Note: This version is in draft.
General API Guidance
Purpose
This site is intended for use by software developers looking to build a conformant GP Connect API interface with a focus on general API implementation guidance.
Notational conventions
The keywords ‘MUST’, ‘MUST NOT’, ‘REQUIRED’, ‘SHALL’, ‘SHALL NOT’, ‘SHOULD’, ‘SHOULD NOT’, ‘RECOMMENDED’, ‘MAY’, and ‘OPTIONAL’ on this site are to be interpreted as described in RFC 2119.
General standards
Information on the technical standards that SHALL be conformed to can be found in the sections below and throughout the GP Connect specification.
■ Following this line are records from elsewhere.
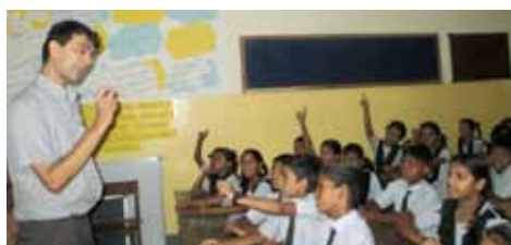
Spreading awareness by Welfare of Stray Dogs.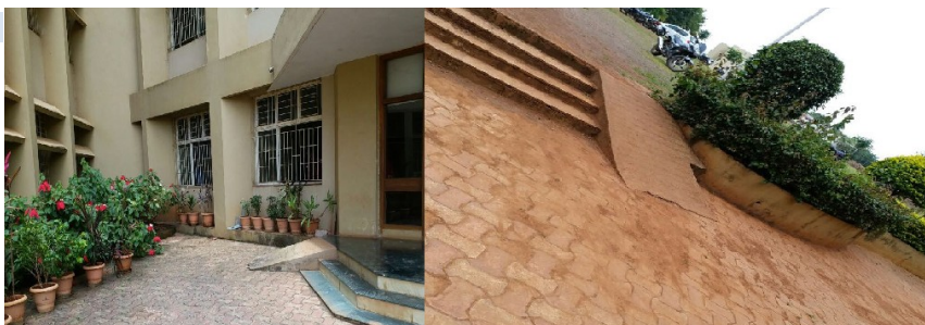
Any other facilities Photo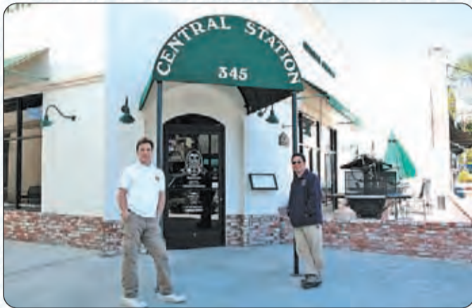
The Central Station Restaurant – great food and great service.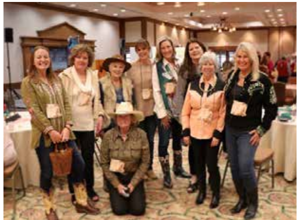
A few of the Cowgirl Up! 2021 artists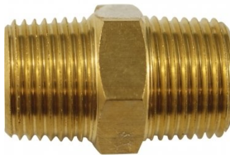
F864 Air Fittings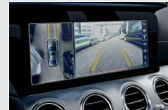
Surround View System †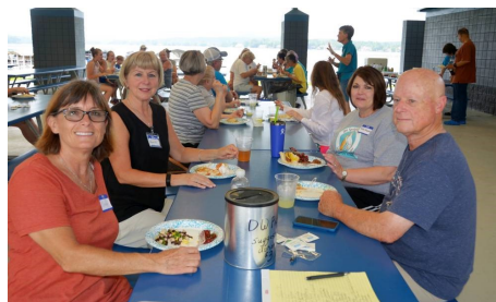
All seemed to have a great time !

Important: Any additional principles highlighted in the GP Connect specification MUST take precedence over those defined in these technical standards.
Internet standards
Clients and servers SHALL be conformant to the following Internet Engineering Task Force (IETF) request for comments (RFCs), which are the principal technical standards that underpin the design and development of the internet and thus FHIR's APIs.
- transport level integration SHALL be via HTTP as defined in the following RFCs: RFC 7230, RFC 7231, RFC 7232, RFC 7233, RFC 7234 and RFC 7235
- transport level security SHALL be via TLS/HTTPS as defined in RFC 5246 and RFC 6176
- HTTP Strict Transport Security (HSTS) as defined in RFC 6797 SHALL be employed to protect against protocol downgrade attacks and cookie hijacking
Important: NHS Digital is currently evaluating how cross-origin resource sharing (CORS) will be handled for web and mobile based applications.